• Sun
  • Apr 20, 2014
  • Updated: 11:03am

ESF school's staff want chairman out

PUBLISHED : Sunday, 21 December, 2003, 12:00am
UPDATED : Sunday, 21 December, 2003, 12:00am

Kennedy School teachers have demanded that their council chairman resign after a meeting with parents over the controversial decision not to renew the principal's contract.


A letter, signed 'all staff at Kennedy School', was sent to Sunil Nanda, the Pokfulam school's council chairman, and Parent Teacher Association chairman Nury Vittachi, and forwarded to the English School Foundation (ESF).


The letter reads: 'Staff at Kennedy School would like to reiterate their position ... and ask for the resignation of the chairman of the school council.'


ESF chairman Jal Shroff, who received a copy of the letter, said it was the decision of the entire school council and Kennedy School over whether Mr Nanda should resign. 'At present he has the backing of the ESF executive. I am sure he will act in the interests of the school.'


Mr Nanda reacted angrily yesterday, saying he would not resign. 'This is an unsigned letter that reflects poorly on the writers. The allegations are baseless and farcical, and are sadly an embarrassment to the school.'


Mr Vittachi said: 'The allegations are absurd. There were around 10 non-parents there who weren't invited, 90 per cent of them being teachers.'


He also denied the teachers were gagged at the meeting. In the letter, teachers also demanded to know why a former parent spoke at a meeting to discuss principal Vanessa Bingham's departure.

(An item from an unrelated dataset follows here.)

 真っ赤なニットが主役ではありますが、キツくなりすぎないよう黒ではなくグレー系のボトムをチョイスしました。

The teachers are criticising the way a December 12 meeting was conducted, suggesting it was set up to win support for the controversial decision, made on the school council's recommendation not to renew Ms Bingham's contract, which expires next August. The ESF accepted the recommendation.

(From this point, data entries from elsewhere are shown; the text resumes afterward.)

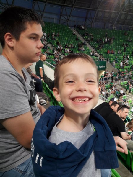 Aztán fél óra múlva már megint készülhettem, egy nap alatt rekordot döntöttem az átöltözésben 🙂 , mert Fradi meccsre indultunk természetesen, mint ahogy Dius írja, ha szombat, akkor meccsnap, és ez a fiúknál szent és sérthetetlen 🙂 !!! Még egyszer sem voltunk este Tomával, de gondoltam, hogy ezzel nem lesz gond, nem is volt, végig szurkolta az egészet, Mátéval együtt, mostanában a Családfő addig a VIP szektorban intézi a munkaügyeit (oda csak neki jut jegy, mert mindig tele van), jövő héten például ugyancsak VIP horgász versenyt rendez, meg azért a tanácsadói munkája miatt is van ilyenkor mit megbeszélni, szóval általában a meccs idejére elvan ezekkel és akkor közben még ugye szurkol is 🙂 . Amíg csak ketten jártak Mátéval, valahogy őt is mindig becsempészte, de most így megsokasodva ez már nem megy, őszintén szólva mi sem vágyunk rá túlzottan, így sokkal életszerűbb a kis VIP részen minden, a meccs és a szurkolás is! Már a kezdetek kezdetén komolyan hozzám intézve szavait Máté azt mondta, hogy ugye nem gondolom, hogy olvasni, netán telefonozni fogok 🙂 (az előző meccsen párszor elő vettem a telómat, bár megítélésem szerint igazán nem sokszor 🙂 ), szóval most csak és kifejezetten “szurkoltam” én is 🙂 , bár most nem is ment nehezen, ugyan a családi hozzáértők szerint nem volt ez valami eget rengető mérkőzés, de számomra már az első félidő is sokkal látványosabb volt, mint a múlt héten bármi, szóval most tényleg csak a meccsre figyeltem én is 🙂 ! Aztán volt látnivaló egyéb is, a szurkoló táborban, valami intézkedés is volt, azt is elnézegettem és a fiúk is velem együtt, szóval igazán nem unatkoztunk 🙂 ! Hazaérve már tényleg csak egy gyors zuhany jutott mindenkinek, a vacsorát elintéztük meccs közben 🙂 …
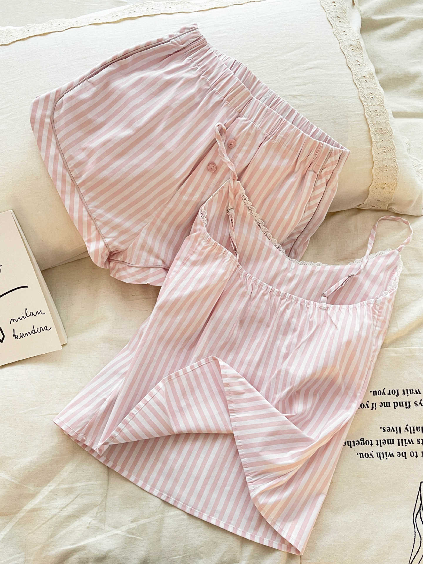 韓国系ブルーストライプ純欲レースパジャマ女性用夏キャミソール半ズボン快適家庭服セット
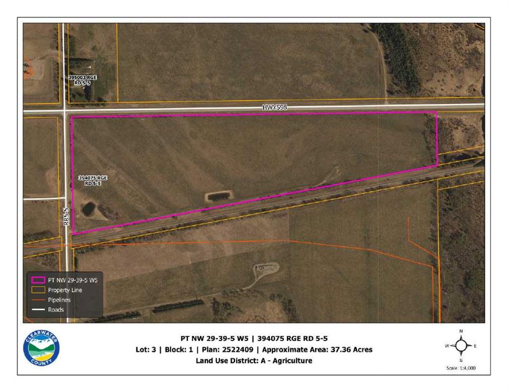 Bigger than your average acreage, this 37 acre parcel along Hwy 598 is zoned Ag with lots of potential for a small hobby farm. There is some perimeter fencing, the owners used electric fence in the past to rotationally graze cattle, and a dugout on the west side. There\'s also an existing lease road leading to an In Play Energy surface lease that generates $4200/year but it is slated to be reclaimed through the Orphan Well Program (will likely be a few years before that is completed). A second approach is in place along the west municipal road. Note the taxes have not yet been assessed and the property line extends further east than the fence line.

Catherine McGrath, whose son attended Kennedy but has since moved to another school, aired her grievances at the meeting and left without answering questions about her claims. 'If either of yourselves were unaware that she was no longer a parent then your knowledge of the school is questionable,' said the teachers in the letter, adding that if they were aware, then their motives were 'suspect'.


The teachers also claim that neither Mr Nanda nor Mr Vittachi gave satisfactory explanations over 38 alleged complaints about the principal. Staff have also leaked an e-mail from Mr Nanda to Ms Bingham dated May 15 which described her as 'such a good principal'.

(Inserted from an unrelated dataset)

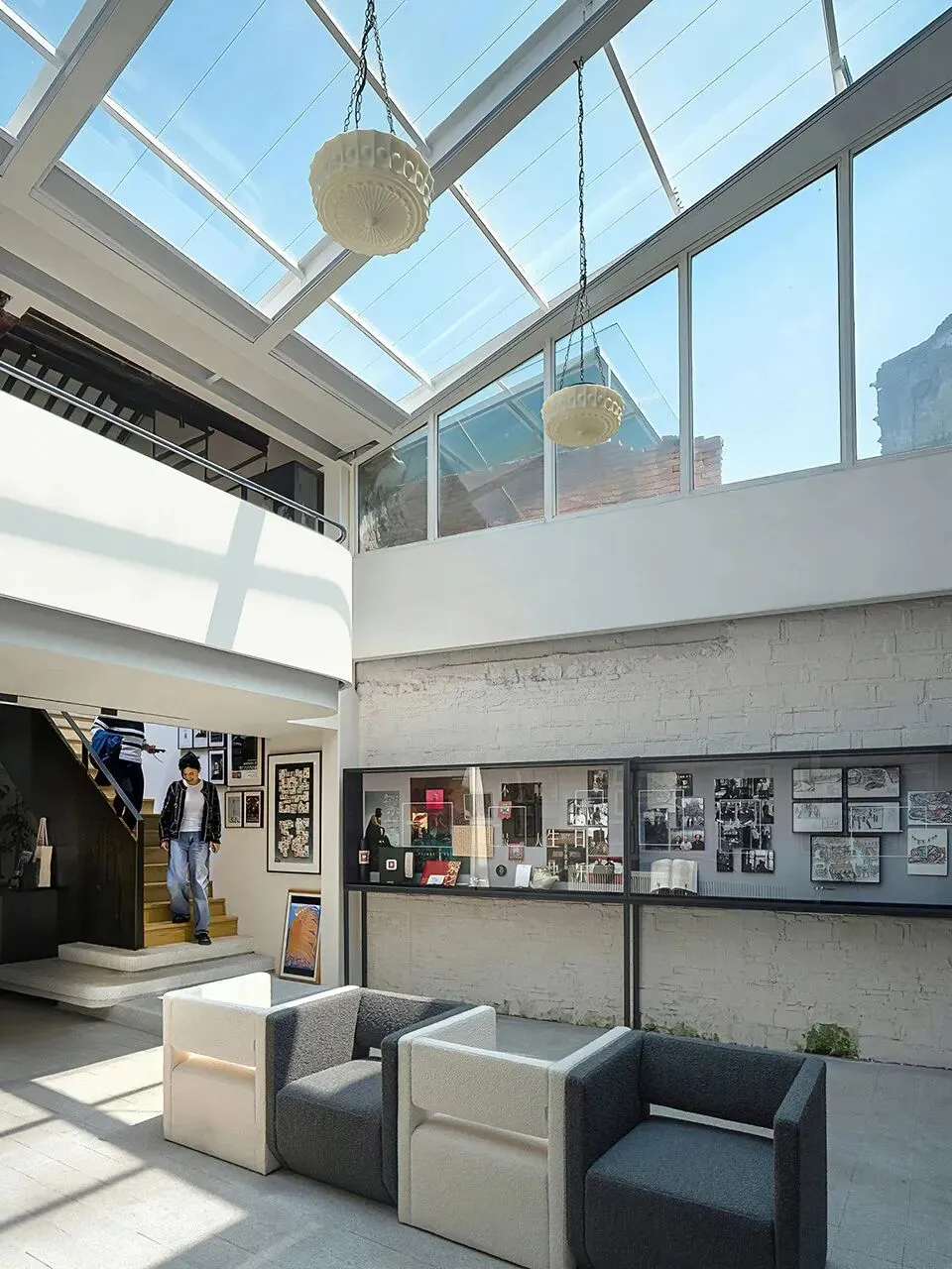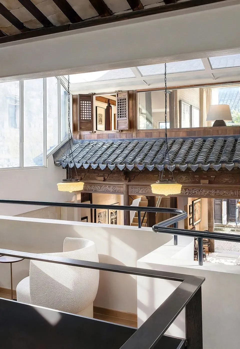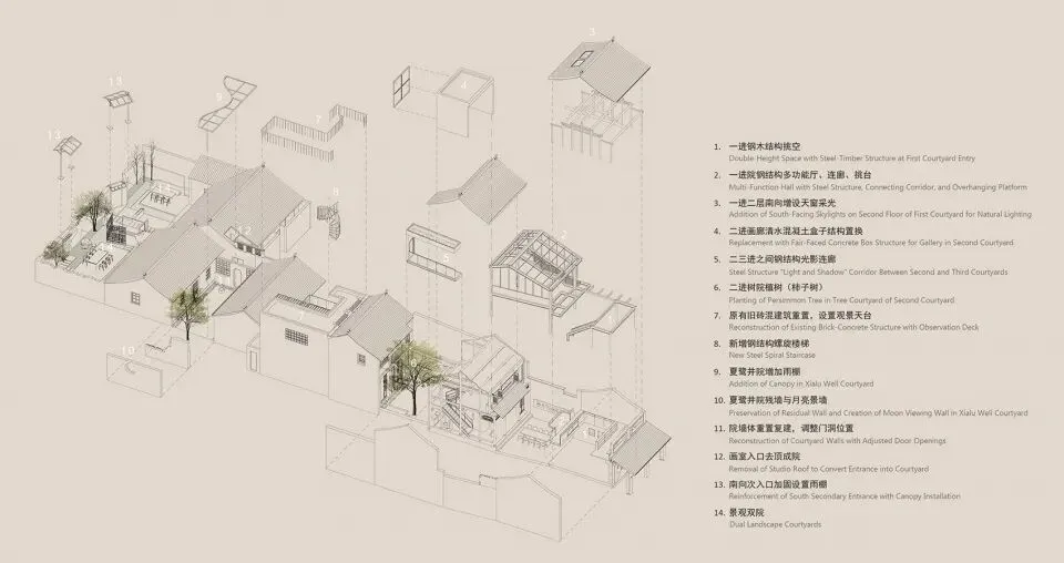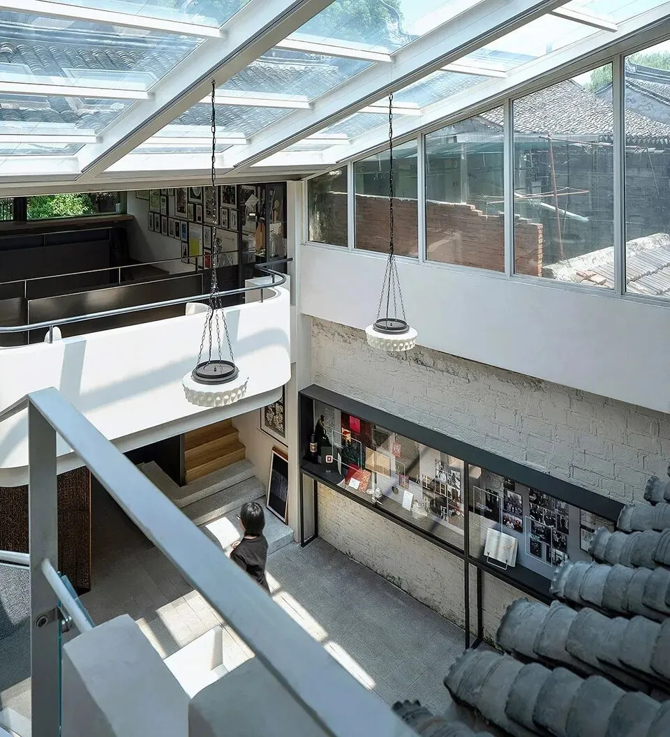 原有一进为两层低矮狭小空间,设计通过局部钢结构置换,挑空中部,在二层形成展览环廊,沿河阅读空间设玻璃观景长窗,面窗景拾阶而上,步移景异。南向增加天窗将光线引至一层,与暗弄之间开设洞口增加采光互动,将原本阴暗压抑的封闭扁平空间转化成开放明亮的立体空间。

Mr Nanda responded: 'I am not ashamed of that e-mail. It demonstrates my personal objectivity.'


He added: 'The process as laid down in the ESF ordinance has been strictly adhered to and our decision is final. We have been circumspect and considered all aspects, particularly parental concerns and the findings of the review carried out by the ESF's education officers [in October].'


Parent Laurel Dillon, who was at the meeting, said many parents supported the council's action.


But Jackie Simpson, the school's nurse and a parent, did not believe those who spoke against the principal represented the majority. 'The number of complaints is not large enough to warrant not renewing her contract,' she said.


Negotiations between the ESF and Ms Bingham over her early departure are continuing. Ms Bingham was unavailable for comment.